OVERLOOKED: In February, the European Union rejected a new Terrorist Tracking Program Treaty, cutting off U.S. access to the SWIFT banking transaction system in Brussels on the grounds that the U.S. needs to do more to protect the financial privacy of European citizens. Five months' worth of intense negotiations conducted at high levels of government produced a breakthrough: on August 1, the U.S. will regain its SWIFT access, albeit with new privacy protections. European courts will get some veto power over the use of SWIFT evidence, and the EU will send an official to Washington to monitor the U.S.'s use of the data. The U.S. was represented primarily by John Brennan, the President's chief counterterrorism adviser, and
Stuart Levey, the undersecretary of the Treasury for terrorism and financial crimes. Also, according to an administration official, VP Joe Biden's May speech to the European Parliament was critical in convincing its members that the U.S. understood the privacy issues and was committed to working out language that resolved them.

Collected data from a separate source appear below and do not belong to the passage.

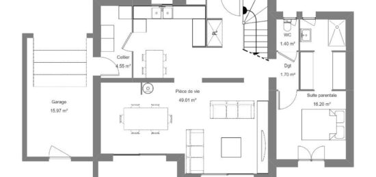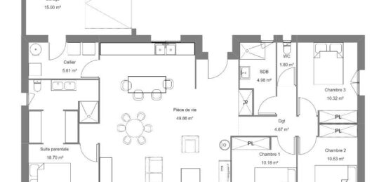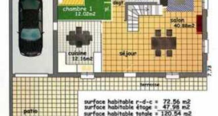 Plan maison 6 pièces 3 chambres Surface maison 120 m2
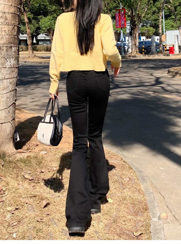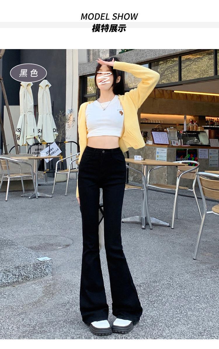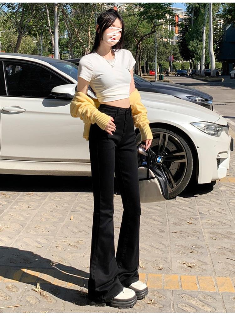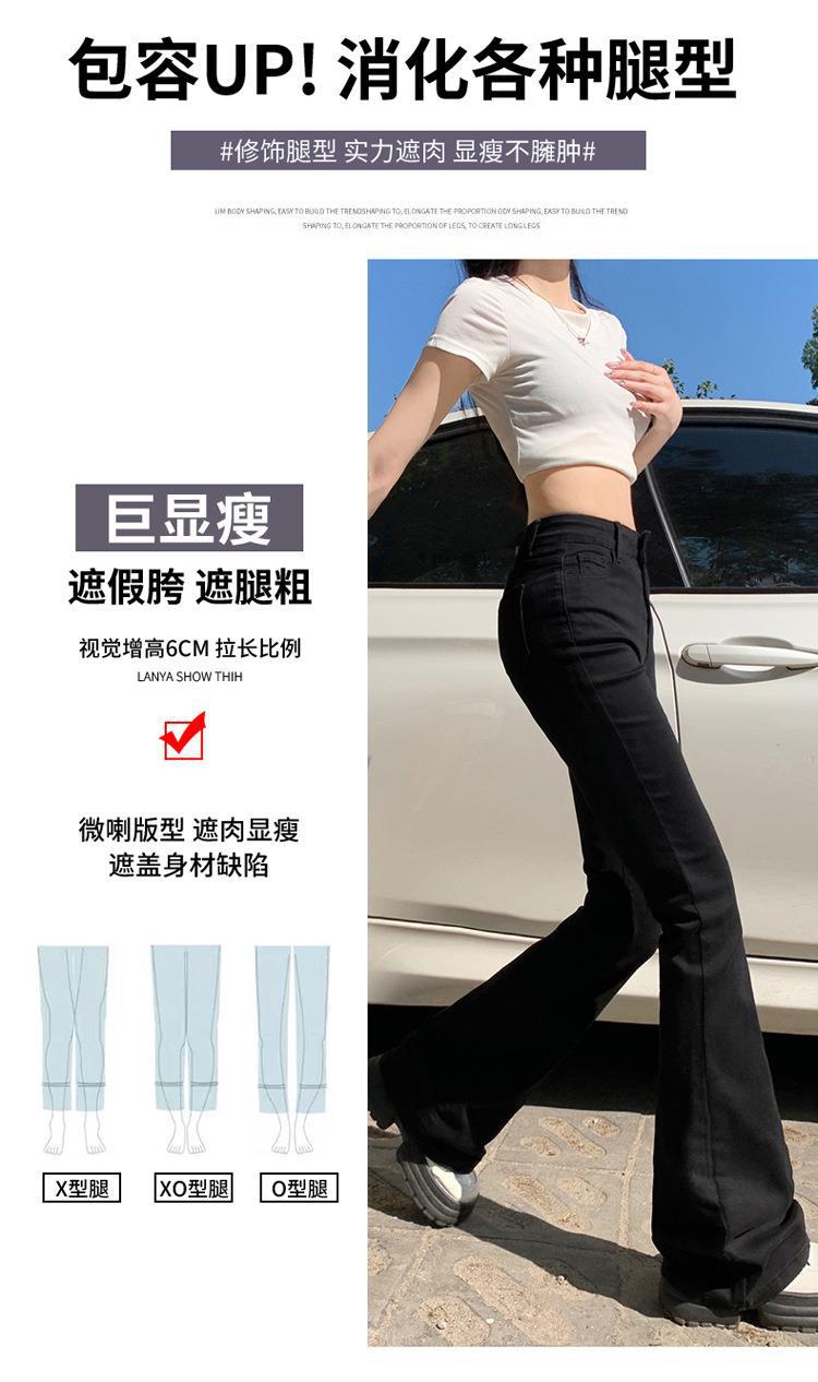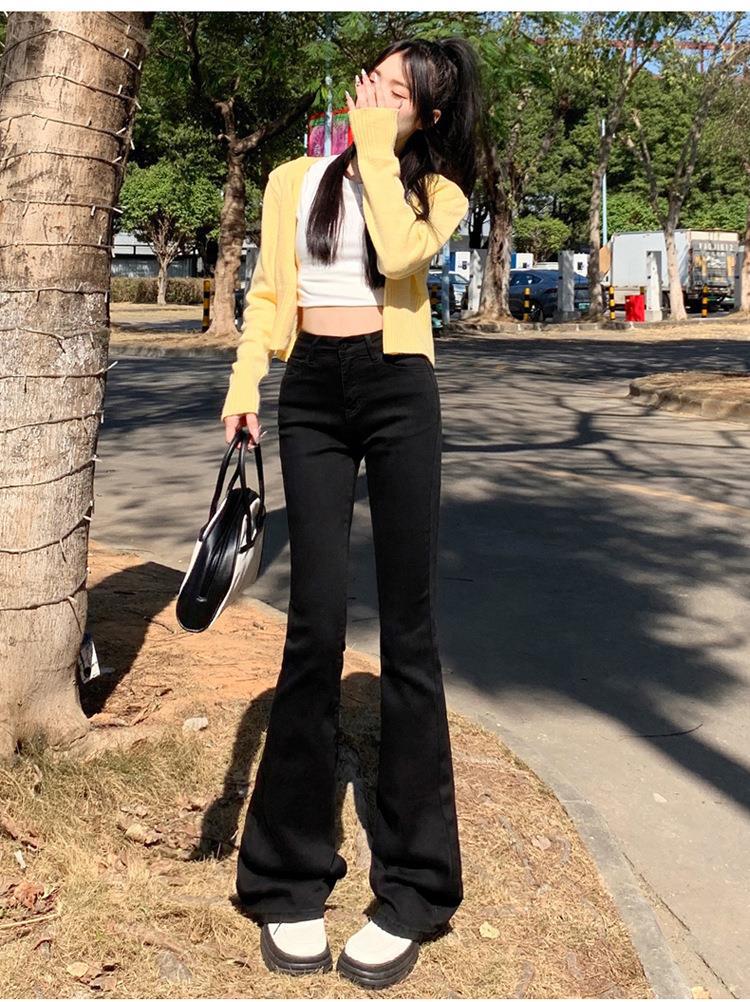 Jeans mujer otoño delgados chica hot cintura alta negros acampanados pierna ancha corte slim adelgazantes petite micro acampanados
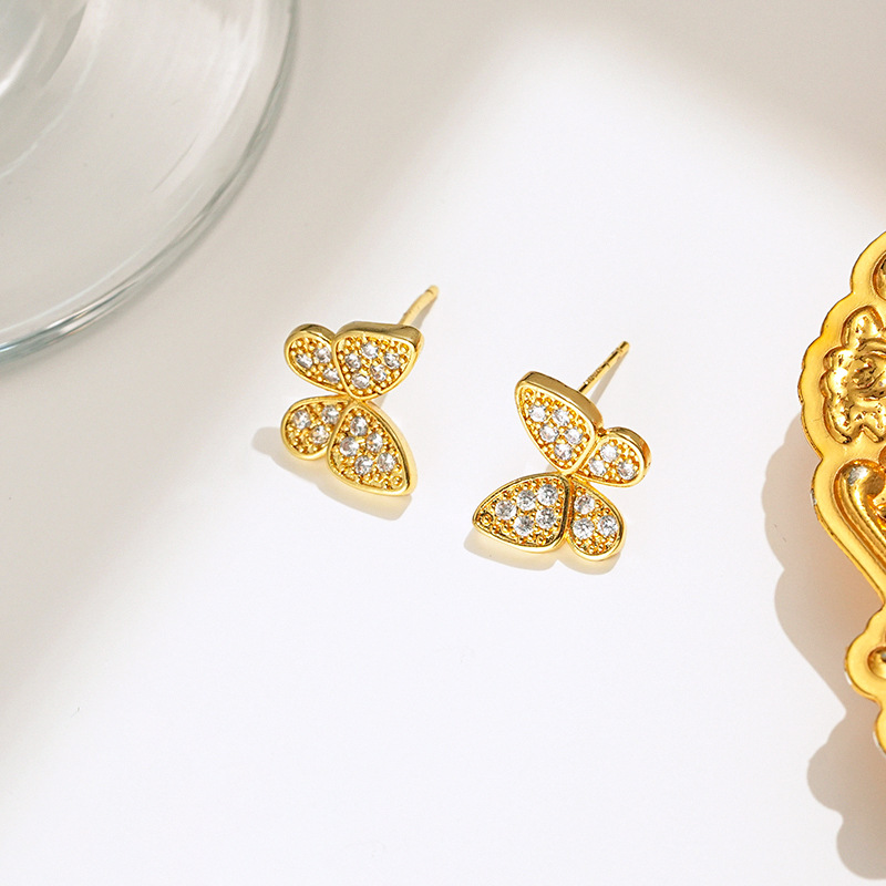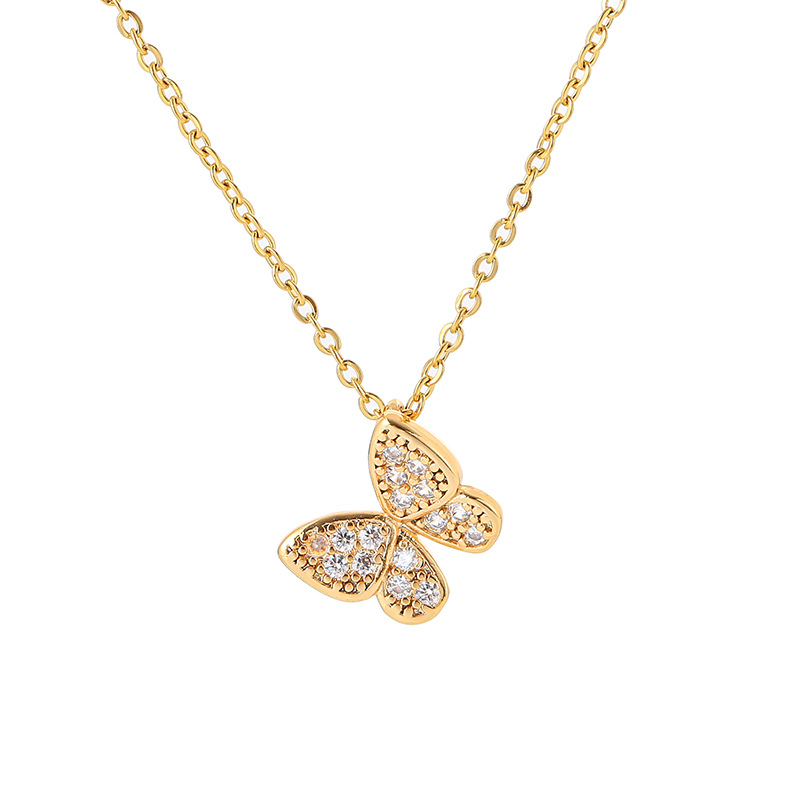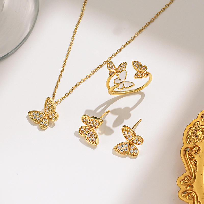 Color: gold butterfly suit, gold small butterfly necklace (chain steel pendant copper), small butterfly stud earrings (copper), small butterfly ring (copper), Silver small butterfly necklace (chain steel pendant copper)
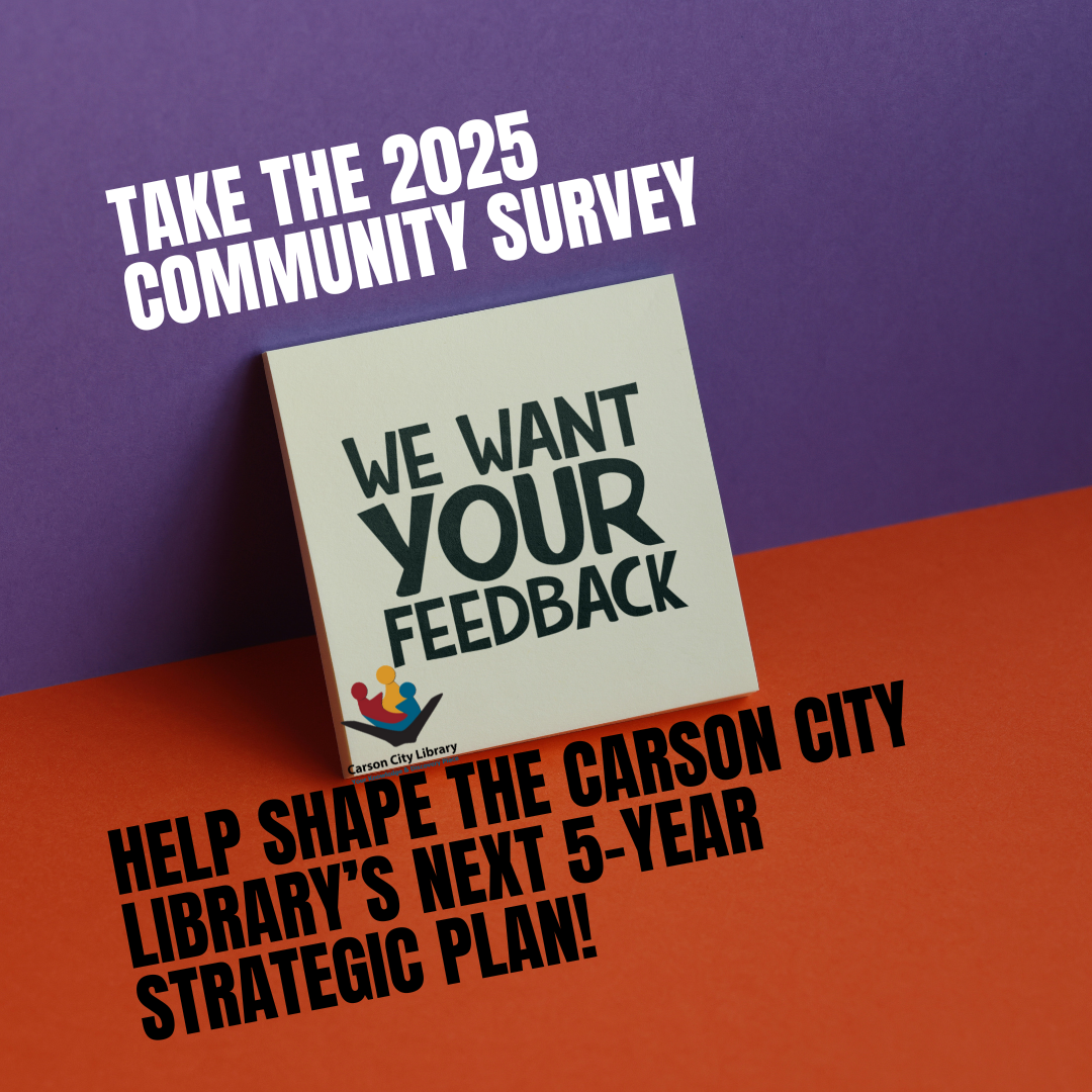 Help Shape the Future of the Carson City Library! We’re developing a new Strategic Plan—and we want your input! Take a few minutes to complete our community survey and share your thoughts on the library’s programs, services, and priorities for the future. Your feedback will help guide how we grow and serve Carson City in the years ahead.

PROP. POLLS: The Atlantic.com's Chris Good reports that, tomorrow morning at 9 a.m. EST (6 a.m. Pacific), Field Research
Corporation releases its first round of polling on four California ballot initiatives: Prop. 19,
allowing counties to legalize marijuana; Prop. 23, preventing cap-and-trade
or any law requiring the monitoring and reduction of greenhouse gas emissions;
Prop. 25, allowing budgets to pass the state legislature with only a simple majority, rather than two-thirds; and Prop. 18, an $11-billion water bond measure to
overhaul the state's water system. The marijuana initiative has polled
well this year, with an automated SurveyUSA poll showing 56 percent support to 42 percent
opposition in April. Prop. 23 is heavily funded by the oil
industry, though the opposition coalition includes big-name Silicon
Valley players as well as Governor Schwarzenegger. California's always
been ahead of the curve on climate, so watch to see if voters buy the
oil industry's argument that the state can't afford to reduce emissions
right now, and that doing so would only amount to a drop in the bucket, reports Nicole Allan.

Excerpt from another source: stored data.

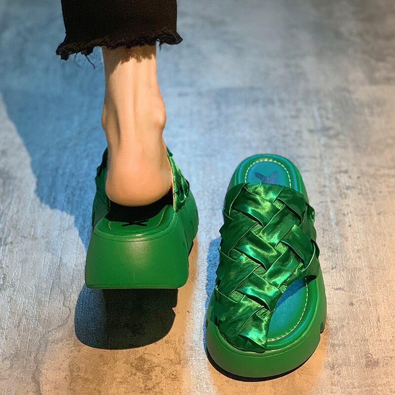 包頭ハーフスリッパレディースサマーアウター2022新作サテン厚底スリッパファッションレトロサンダル流行 ミュール 靴 シューズ 夏物 jxjxf83551717069
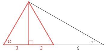 Высота в равностороннем треугольнике является также медианой - делит основание пополам, 6/2=3
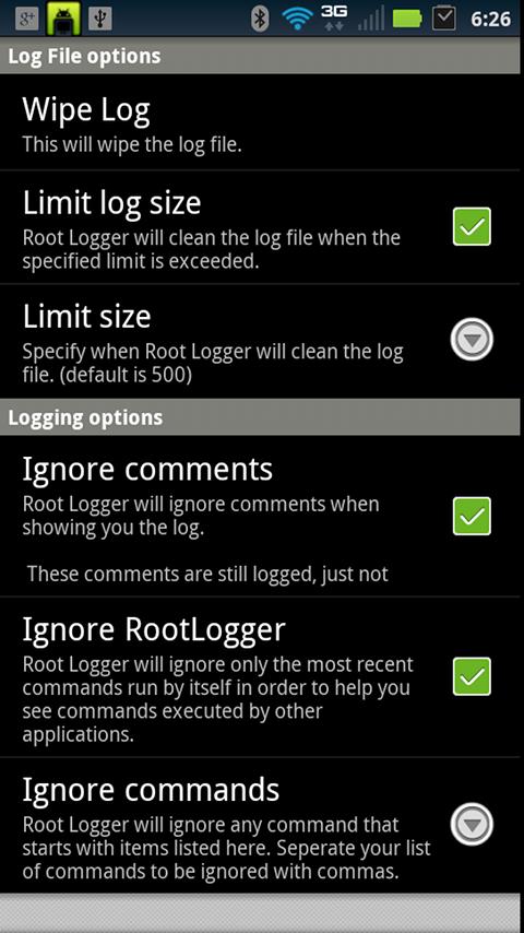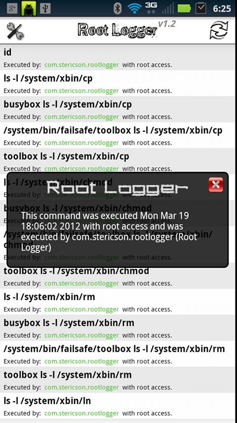 Root Logger is the only application that can log all shell commands that are sent to your phone, including those from other rooted applications.
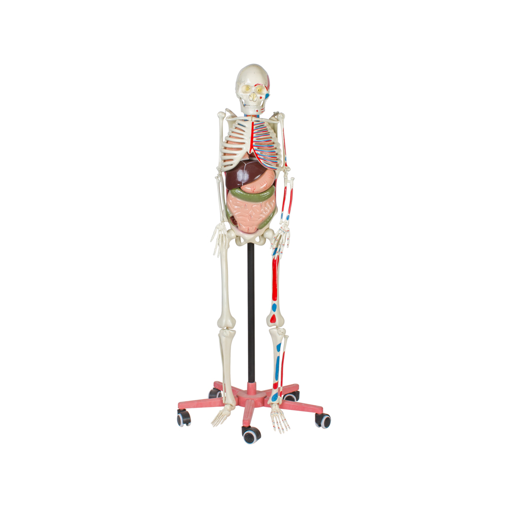 This life-sized human skeleton model is designed for comprehensive demonstrations, featuring hand-painted muscle origins and flexible joints. The skull includes a movable jaw, and the model incorporates detachable parts such as a two-part heart, right lung, left lung, liver, stomach, small intestine, and large intestine. Both arms and legs are movable, allowing for dynamic presentations. The model is securely mounted on a plastic stand and includes a key card for detailed reference.
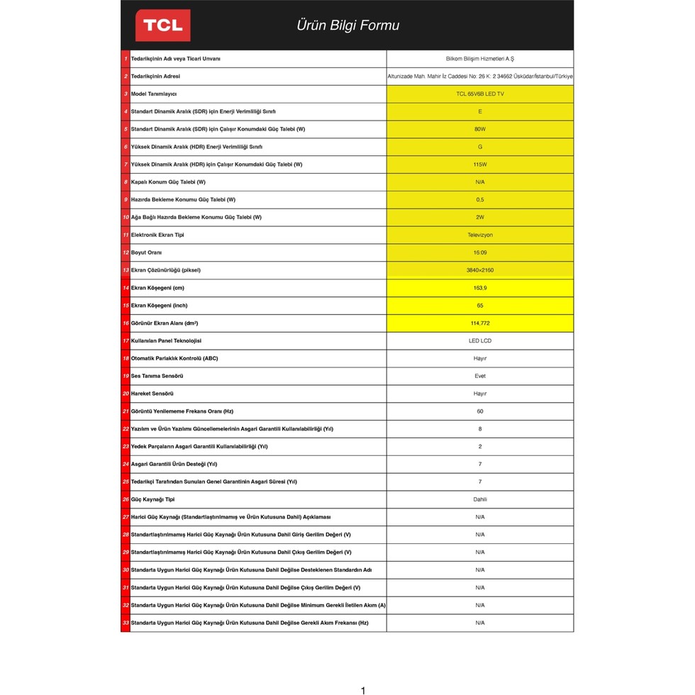 TCL 65V6BGTV 65″ 165 Ekran Dahili Uydu Alıcılı 4K Ultra HD Smart LED TV için 4 değerlendirme
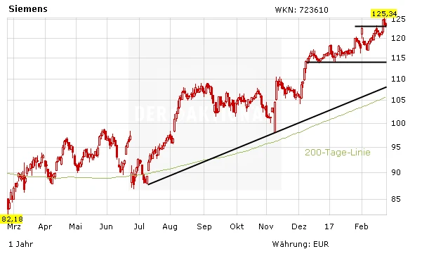 Die Stimmung bei Siemens ist derzeit glänzend. Nach der Anhebung der Prognose notiert die Aktie des Industriekonzerns nur knapp unterhalb des Allzeithochs bei 126,23 Euro. Der Ausbruch dürfte nur eine Frage der Zeit sein. Mit dem breiten Portfolio ist Siemens bestens positioniert. Fraglich bleibt lediglich, mit welcher Struktur CEO Joe Kaeser die Zukunft bestreiten will.

COOK PRE-PORT: The first paragraph from Charlie Cook's latest column, out tomorrow on National Journal.com:
The pain and hardship
experienced by Americans weathering the longest economic downturn since the
Great Depression undoubtedly muted last weekend's Independence Day
celebrations. Unemployment and underemployment are weighing heavily on people,
as are worries about depleted savings for retirement and education and
anxieties about their future and
their children's future. Early
positive signs -- "green shoots," in economic parlance -- turned
out to be premature, and it now looks more likely that the U.S. economy is
in for an excruciatingly slow return to normalcy. Here's hoping that the most
recent batch of bad economic news is just a soft patch, a typical occurrence in
frustratingly long recoveries, and not an indication that economic growth is so
weak that we may be sliding back into recession. Though no one is content with
these tough economic times,
Democrats have the most to lose politically if things don't turn around
soon. Democratic fortunes this November are inextricably linked to the economy.
When one party controls government, voters view the midterm elections more as a
referendum on the party in power than as a choice between candidates. Any
notion to the contrary is wishful thinking, or even fantasy.